After 400 runs on problems these models have never seen, the verdict is clear: XML-structured prompts provide no meaningful advantage over natural language for code generation on novel problems.

This finding is particularly credible because we eliminated memorization as a confounding variable. These models couldn't pattern-match against training data—they had to reason from scratch. And when they did, prompt formatting was irrelevant to their success.

The implications:

If you're spending hours crafting XML schemas, that time is likely wasted
Model selection matters far more than prompt formatting
Verification infrastructure beats prompt engineering for reliability

The future of AI-assisted development isn't about finding the perfect prompt incantation. It's about understanding what LLMs can and cannot do on genuinely novel problems, and building systems that verify, validate, and iterate accordingly.

FAQ

Q: Should I stop using XML in my prompts?

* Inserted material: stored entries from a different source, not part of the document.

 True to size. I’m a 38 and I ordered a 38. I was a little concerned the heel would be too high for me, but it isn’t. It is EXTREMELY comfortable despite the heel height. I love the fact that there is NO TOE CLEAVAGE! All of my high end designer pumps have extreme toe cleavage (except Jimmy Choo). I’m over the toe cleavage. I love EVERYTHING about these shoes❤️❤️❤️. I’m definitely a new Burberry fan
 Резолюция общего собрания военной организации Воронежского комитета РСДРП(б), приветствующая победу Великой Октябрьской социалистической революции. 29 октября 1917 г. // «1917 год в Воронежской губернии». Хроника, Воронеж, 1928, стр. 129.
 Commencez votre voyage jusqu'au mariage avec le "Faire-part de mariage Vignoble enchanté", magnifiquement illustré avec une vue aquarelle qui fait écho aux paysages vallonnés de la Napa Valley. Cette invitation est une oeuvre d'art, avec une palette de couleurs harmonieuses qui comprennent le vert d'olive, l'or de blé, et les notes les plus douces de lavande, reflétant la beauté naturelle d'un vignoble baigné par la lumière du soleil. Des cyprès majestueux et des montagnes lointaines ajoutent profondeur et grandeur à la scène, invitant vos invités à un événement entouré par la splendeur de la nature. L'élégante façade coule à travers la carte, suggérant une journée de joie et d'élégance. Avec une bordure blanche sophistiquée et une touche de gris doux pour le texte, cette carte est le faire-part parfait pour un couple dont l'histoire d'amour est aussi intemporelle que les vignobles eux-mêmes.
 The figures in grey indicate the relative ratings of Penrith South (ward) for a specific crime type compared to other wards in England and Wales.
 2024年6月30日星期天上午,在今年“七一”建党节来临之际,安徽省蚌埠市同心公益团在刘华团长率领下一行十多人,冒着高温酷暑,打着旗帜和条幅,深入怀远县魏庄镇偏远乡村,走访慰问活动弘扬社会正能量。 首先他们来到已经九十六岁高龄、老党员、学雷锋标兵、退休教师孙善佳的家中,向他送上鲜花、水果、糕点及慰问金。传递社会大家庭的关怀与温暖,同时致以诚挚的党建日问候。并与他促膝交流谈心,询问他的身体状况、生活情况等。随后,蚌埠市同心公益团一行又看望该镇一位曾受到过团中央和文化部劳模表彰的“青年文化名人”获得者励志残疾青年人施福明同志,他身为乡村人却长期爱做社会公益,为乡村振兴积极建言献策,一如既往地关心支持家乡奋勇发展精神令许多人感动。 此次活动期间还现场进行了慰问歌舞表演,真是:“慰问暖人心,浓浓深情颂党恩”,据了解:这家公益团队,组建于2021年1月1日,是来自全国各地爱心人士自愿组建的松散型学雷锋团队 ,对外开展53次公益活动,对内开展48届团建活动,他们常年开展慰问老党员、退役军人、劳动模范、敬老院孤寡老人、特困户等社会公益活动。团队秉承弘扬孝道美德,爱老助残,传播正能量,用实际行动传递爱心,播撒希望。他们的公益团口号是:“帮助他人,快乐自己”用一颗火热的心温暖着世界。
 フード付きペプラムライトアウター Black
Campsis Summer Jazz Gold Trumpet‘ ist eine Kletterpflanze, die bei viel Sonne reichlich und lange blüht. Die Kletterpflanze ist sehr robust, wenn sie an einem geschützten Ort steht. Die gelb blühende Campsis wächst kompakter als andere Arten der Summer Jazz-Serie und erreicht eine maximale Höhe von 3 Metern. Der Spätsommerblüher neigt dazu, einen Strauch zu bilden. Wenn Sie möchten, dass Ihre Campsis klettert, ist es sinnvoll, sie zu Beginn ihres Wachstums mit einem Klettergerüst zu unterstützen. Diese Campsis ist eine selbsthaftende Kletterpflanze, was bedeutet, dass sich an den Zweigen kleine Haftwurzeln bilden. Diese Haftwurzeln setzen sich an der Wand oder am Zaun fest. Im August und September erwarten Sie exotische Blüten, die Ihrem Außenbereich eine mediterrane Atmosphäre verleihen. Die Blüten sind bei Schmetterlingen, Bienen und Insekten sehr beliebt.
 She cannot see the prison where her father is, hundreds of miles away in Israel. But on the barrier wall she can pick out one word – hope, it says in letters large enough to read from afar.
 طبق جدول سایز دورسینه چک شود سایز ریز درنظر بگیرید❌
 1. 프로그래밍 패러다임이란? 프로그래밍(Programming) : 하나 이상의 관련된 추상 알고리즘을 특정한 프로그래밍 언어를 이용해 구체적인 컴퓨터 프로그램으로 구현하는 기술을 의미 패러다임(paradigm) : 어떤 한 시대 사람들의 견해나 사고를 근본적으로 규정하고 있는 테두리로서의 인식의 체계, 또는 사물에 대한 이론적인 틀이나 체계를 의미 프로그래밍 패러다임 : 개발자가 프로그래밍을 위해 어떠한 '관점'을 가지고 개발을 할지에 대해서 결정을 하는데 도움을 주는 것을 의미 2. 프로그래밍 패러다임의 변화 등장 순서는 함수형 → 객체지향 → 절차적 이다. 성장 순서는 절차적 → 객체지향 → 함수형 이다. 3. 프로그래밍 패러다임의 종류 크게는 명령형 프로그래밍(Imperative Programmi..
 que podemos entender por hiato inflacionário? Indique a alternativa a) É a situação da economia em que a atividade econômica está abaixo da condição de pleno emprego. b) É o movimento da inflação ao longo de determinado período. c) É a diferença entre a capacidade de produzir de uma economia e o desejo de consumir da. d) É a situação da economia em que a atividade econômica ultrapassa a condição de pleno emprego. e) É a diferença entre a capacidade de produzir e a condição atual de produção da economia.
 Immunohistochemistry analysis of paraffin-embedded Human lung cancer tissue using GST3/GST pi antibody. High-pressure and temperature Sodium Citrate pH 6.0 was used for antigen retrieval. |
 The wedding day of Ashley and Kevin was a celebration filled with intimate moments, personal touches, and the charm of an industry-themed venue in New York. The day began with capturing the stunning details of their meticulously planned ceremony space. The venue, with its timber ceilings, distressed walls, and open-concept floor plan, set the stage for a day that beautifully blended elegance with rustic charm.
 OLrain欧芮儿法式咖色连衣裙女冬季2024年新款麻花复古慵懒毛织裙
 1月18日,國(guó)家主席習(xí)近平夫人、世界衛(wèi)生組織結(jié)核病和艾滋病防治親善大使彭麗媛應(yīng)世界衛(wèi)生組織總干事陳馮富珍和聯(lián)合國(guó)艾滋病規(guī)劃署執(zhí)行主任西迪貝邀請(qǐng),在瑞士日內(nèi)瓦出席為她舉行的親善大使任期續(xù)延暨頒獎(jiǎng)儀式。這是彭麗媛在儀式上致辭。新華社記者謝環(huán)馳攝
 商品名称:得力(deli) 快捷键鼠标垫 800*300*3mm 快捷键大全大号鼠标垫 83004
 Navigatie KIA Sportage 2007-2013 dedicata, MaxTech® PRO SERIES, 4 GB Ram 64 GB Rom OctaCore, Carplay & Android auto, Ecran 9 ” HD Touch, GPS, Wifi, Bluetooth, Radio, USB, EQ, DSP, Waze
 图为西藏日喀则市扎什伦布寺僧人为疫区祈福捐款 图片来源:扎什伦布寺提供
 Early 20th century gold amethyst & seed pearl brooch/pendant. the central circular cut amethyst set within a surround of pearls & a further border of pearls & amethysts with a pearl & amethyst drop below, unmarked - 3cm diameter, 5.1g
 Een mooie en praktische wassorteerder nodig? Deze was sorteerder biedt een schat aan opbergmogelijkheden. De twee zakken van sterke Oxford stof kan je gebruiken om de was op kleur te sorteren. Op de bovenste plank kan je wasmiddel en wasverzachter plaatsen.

A: Not necessarily. If your team has established conventions, keep using them. The point is that changing your format won't improve accuracy on novel problems.

Q: Why did Gemini perform worse than Claude?

A: Gemini 2.0 Flash is optimized for speed and cost efficiency. Claude Sonnet 4 has stronger reasoning capabilities at the cost of higher latency and price.

Q: Would results differ with GPT-4?

A: Possibly. Each model has different capabilities. However, the principle—that novel problems reveal reasoning limits regardless of formatting—likely applies broadly.

Q: Does this apply to non-code tasks?

A: Our experiment only tested code generation. Results may differ for structured data extraction or multi-part outputs where delimiters provide clearer boundaries.

Cost Breakdown

Model	Input Cost/1M	Output Cost/1M	Total Input Tokens	Total Output Tokens	Total Cost
Claude	$3.00	$15.00	~180,000	~83,500	$1.55
Gemini	$0.075	$0.30	~195,000	~97,800	$0.04

Gemini is 39x cheaper, but Claude's 48% accuracy advantage may justify the premium depending on your use case.